Dataset records:

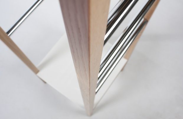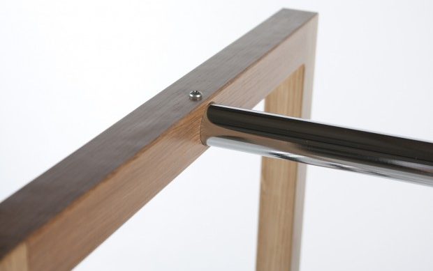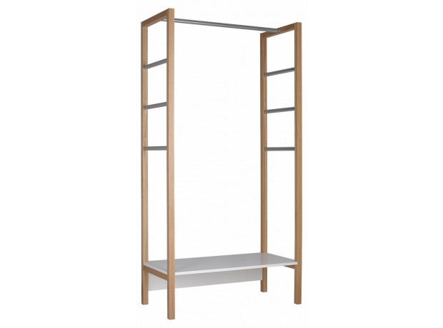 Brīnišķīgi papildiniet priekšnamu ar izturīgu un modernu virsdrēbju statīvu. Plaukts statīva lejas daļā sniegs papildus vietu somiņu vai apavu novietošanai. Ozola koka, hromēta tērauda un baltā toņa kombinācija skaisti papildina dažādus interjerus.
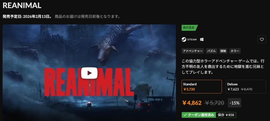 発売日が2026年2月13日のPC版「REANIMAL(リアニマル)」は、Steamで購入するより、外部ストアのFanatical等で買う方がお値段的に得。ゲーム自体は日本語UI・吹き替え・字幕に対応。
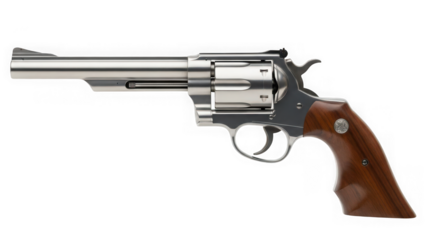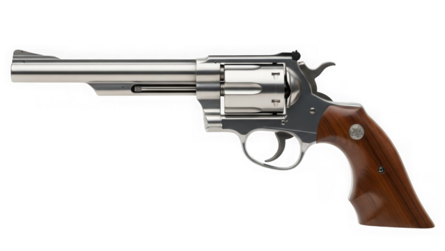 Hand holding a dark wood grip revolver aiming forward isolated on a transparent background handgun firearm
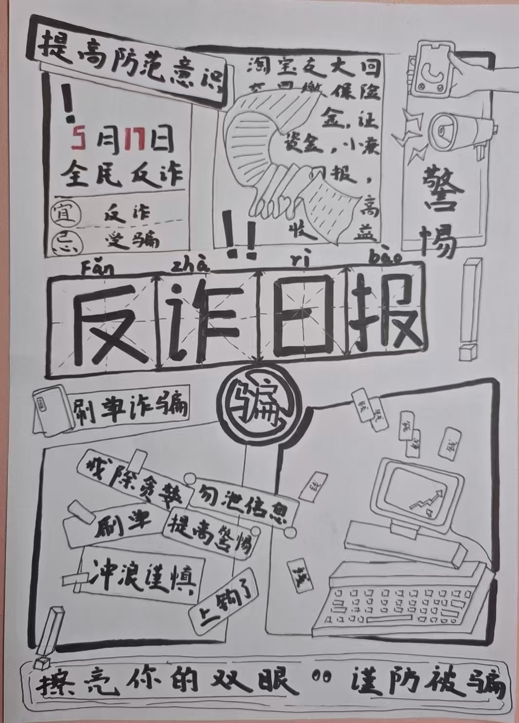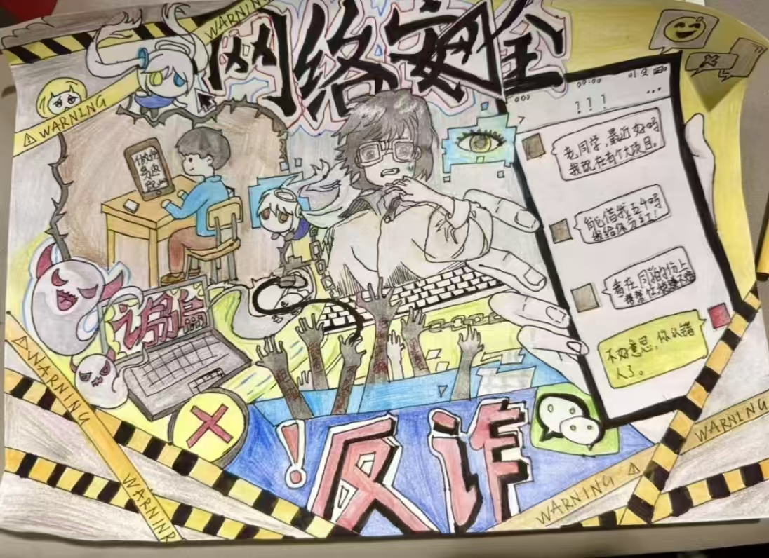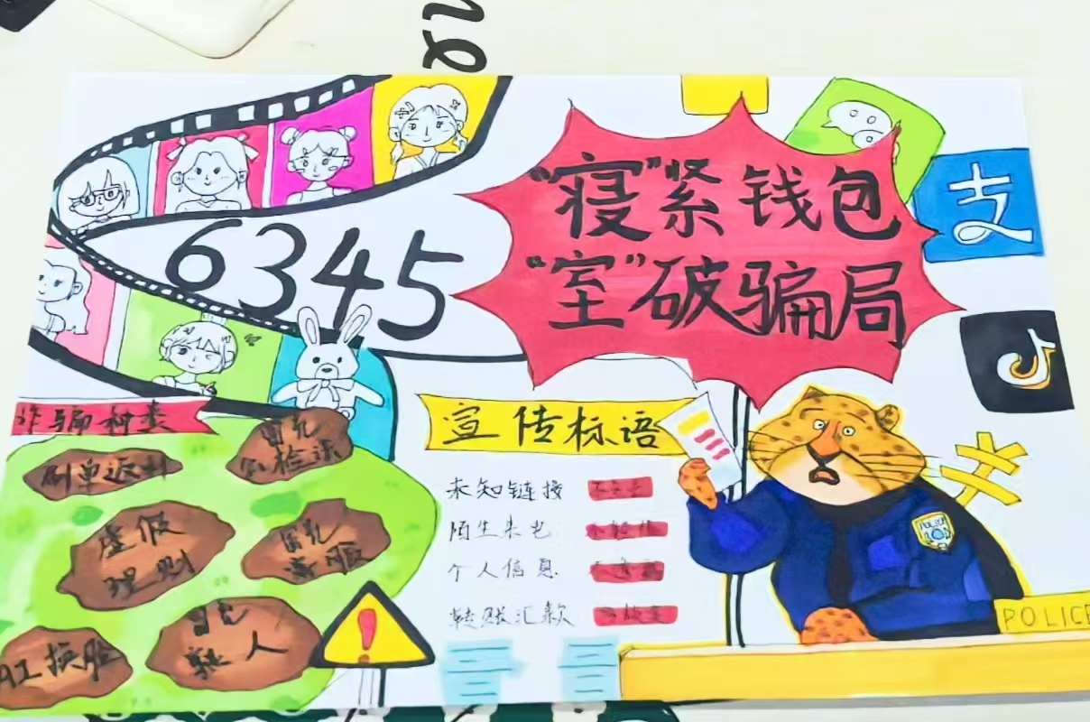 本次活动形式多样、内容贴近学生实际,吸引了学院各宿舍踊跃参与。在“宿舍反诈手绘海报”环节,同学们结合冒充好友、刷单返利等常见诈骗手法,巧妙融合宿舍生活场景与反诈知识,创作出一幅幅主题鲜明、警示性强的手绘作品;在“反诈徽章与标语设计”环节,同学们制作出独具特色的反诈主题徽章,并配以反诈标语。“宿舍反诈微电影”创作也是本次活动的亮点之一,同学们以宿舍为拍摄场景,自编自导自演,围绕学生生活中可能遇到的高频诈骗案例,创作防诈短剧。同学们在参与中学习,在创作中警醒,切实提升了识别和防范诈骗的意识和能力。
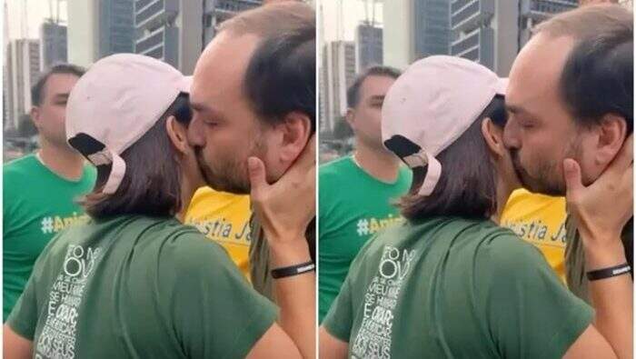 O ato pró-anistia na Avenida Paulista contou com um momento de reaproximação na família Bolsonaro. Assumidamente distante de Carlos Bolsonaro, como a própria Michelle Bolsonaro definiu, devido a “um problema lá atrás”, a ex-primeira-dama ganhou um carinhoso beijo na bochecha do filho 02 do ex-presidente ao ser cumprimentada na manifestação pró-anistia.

* * *

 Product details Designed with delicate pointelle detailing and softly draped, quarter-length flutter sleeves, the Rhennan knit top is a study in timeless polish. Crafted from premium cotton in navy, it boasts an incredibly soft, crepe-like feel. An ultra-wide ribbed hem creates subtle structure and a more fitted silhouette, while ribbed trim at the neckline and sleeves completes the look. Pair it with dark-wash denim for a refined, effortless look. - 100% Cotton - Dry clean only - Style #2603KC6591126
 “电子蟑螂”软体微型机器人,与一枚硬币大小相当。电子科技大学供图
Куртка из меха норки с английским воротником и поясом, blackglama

...

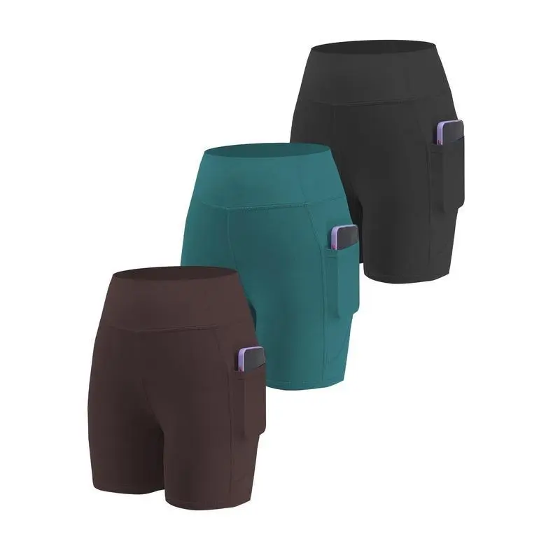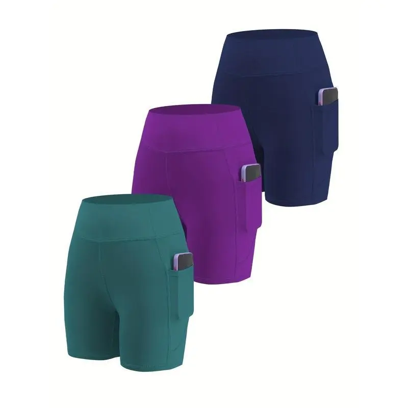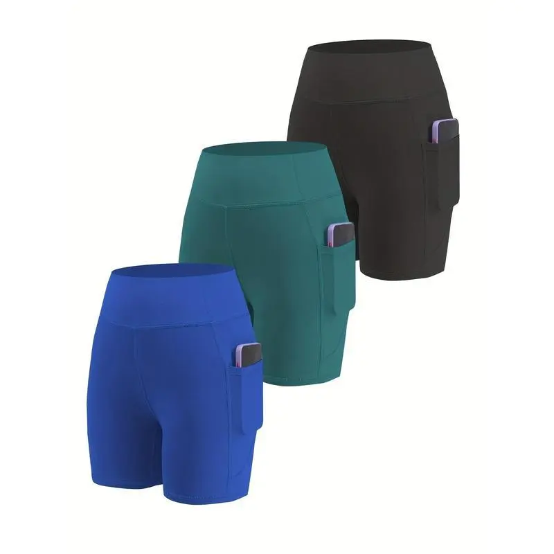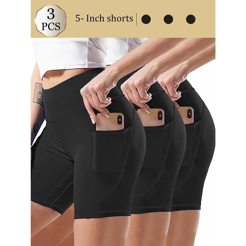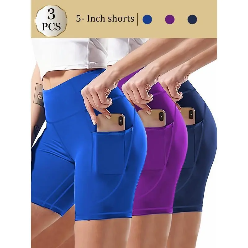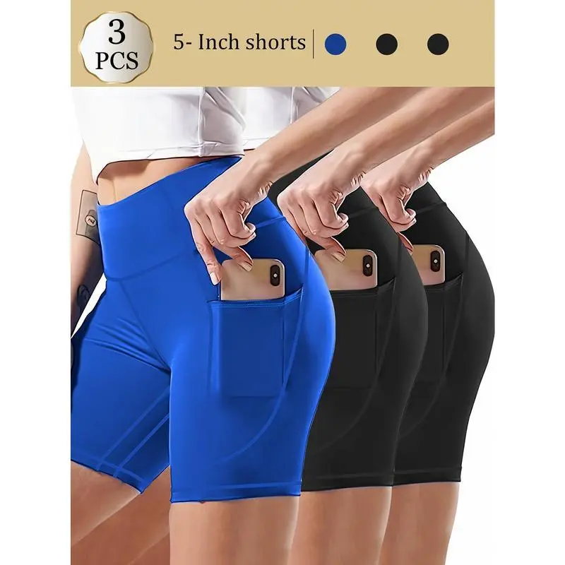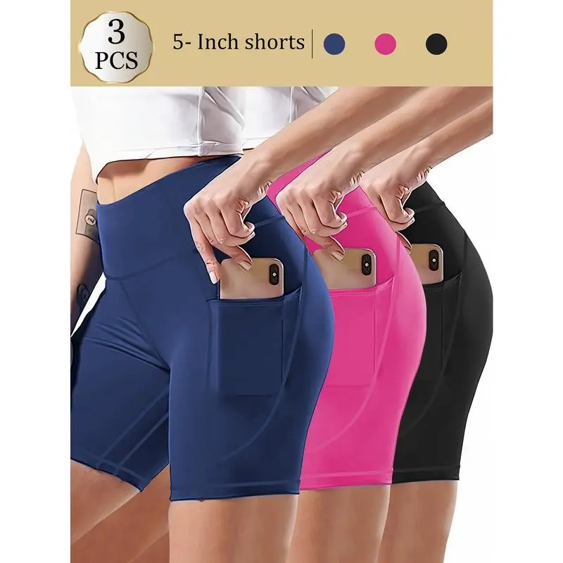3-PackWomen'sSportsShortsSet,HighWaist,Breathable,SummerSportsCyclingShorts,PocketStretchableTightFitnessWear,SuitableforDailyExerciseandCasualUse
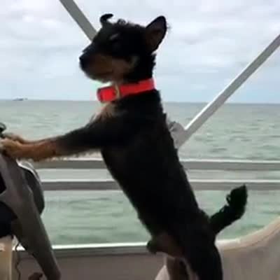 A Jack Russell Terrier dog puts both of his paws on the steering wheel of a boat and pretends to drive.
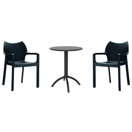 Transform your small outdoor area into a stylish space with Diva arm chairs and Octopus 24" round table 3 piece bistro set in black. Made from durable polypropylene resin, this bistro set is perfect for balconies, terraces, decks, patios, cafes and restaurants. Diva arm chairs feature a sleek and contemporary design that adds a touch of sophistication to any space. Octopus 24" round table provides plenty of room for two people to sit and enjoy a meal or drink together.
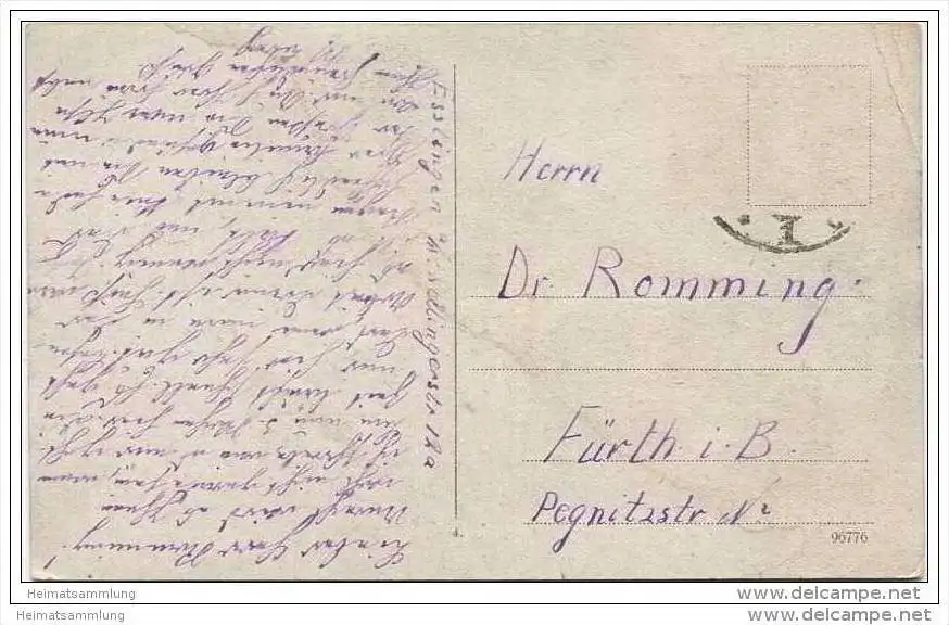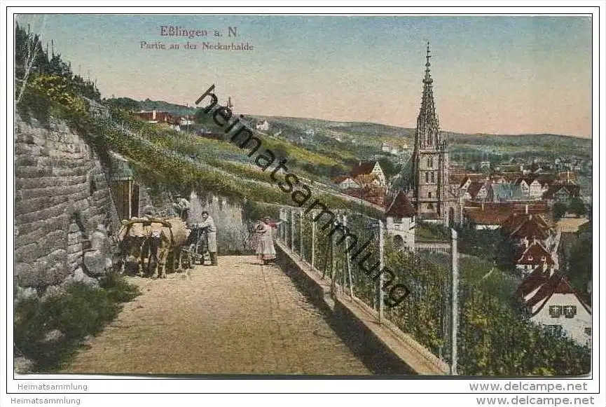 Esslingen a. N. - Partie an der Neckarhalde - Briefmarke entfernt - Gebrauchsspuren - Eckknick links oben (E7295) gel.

Action item: Within the material above, only the stretch from the line holding "発売日が2026年2月13日" through the line holding "Hand holding a" is to be restated exactly. Pictures are dropped.

Solution for this exercise:
 発売日が2026年2月13日のPC版「REANIMAL(リアニマル)」は、Steamで購入するより、外部ストアのFanatical等で買う方がお値段的に得。ゲーム自体は日本語UI・吹き替え・字幕に対応。
 Hand holding a dark wood grip revolver aiming forward isolated on a transparent background handgun firearm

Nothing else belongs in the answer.